───── DATASET RECORDS ─────

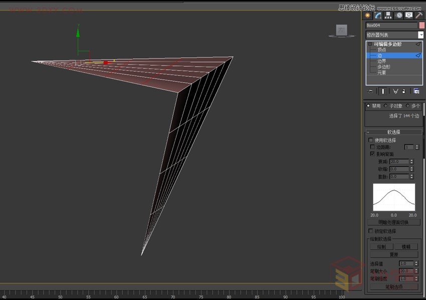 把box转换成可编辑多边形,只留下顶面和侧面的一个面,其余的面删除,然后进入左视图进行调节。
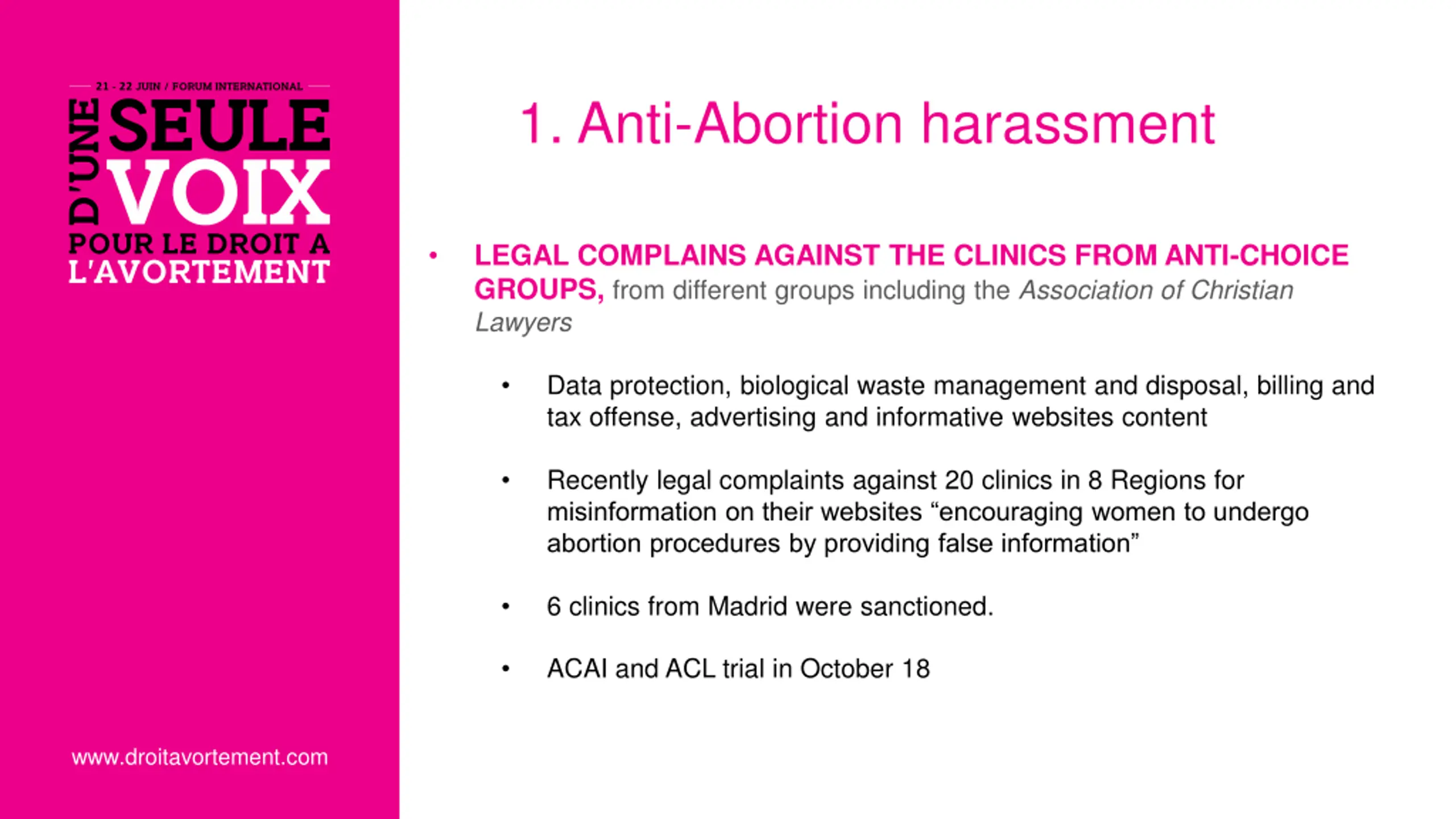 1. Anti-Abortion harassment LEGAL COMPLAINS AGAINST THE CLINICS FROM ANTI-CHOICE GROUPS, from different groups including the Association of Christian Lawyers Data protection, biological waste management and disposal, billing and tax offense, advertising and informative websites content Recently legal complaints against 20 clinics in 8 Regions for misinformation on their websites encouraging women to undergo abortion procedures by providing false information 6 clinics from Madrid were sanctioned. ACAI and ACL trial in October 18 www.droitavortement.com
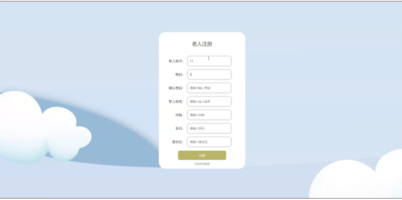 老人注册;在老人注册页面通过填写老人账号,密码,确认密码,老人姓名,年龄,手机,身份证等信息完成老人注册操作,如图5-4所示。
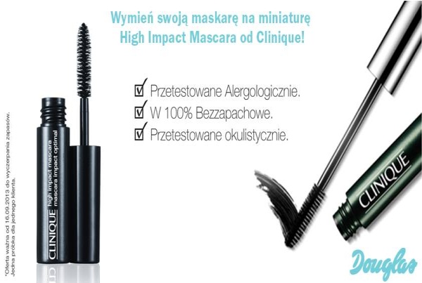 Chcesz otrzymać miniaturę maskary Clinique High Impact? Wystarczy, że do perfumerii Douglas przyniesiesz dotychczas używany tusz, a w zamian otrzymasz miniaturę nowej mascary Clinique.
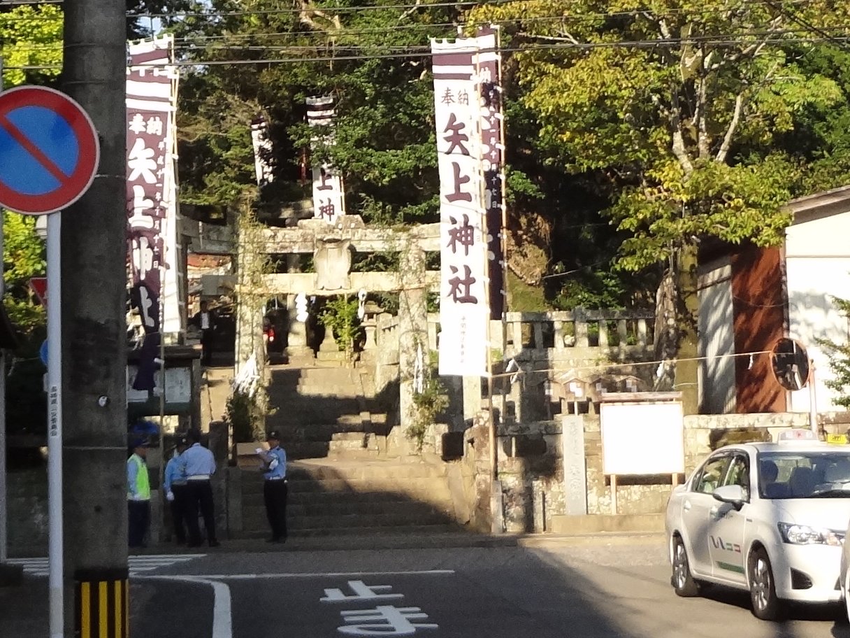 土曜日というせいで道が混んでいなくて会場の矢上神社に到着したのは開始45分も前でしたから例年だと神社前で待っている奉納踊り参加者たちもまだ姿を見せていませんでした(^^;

─────

▶ _WORK TASK_:
Restate only the lines running from the start of the material above through the line containing "老人注册;在老人注册页面通过", ends included. No pictures.

▶ _RESPONSE_:
 把box转换成可编辑多边形,只留下顶面和侧面的一个面,其余的面删除,然后进入左视图进行调节。
 1. Anti-Abortion harassment LEGAL COMPLAINS AGAINST THE CLINICS FROM ANTI-CHOICE GROUPS, from different groups including the Association of Christian Lawyers Data protection, biological waste management and disposal, billing and tax offense, advertising and informative websites content Recently legal complaints against 20 clinics in 8 Regions for misinformation on their websites encouraging women to undergo abortion procedures by providing false information 6 clinics from Madrid were sanctioned. ACAI and ACL trial in October 18 www.droitavortement.com
 老人注册;在老人注册页面通过填写老人账号,密码,确认密码,老人姓名,年龄,手机,身份证等信息完成老人注册操作,如图5-4所示。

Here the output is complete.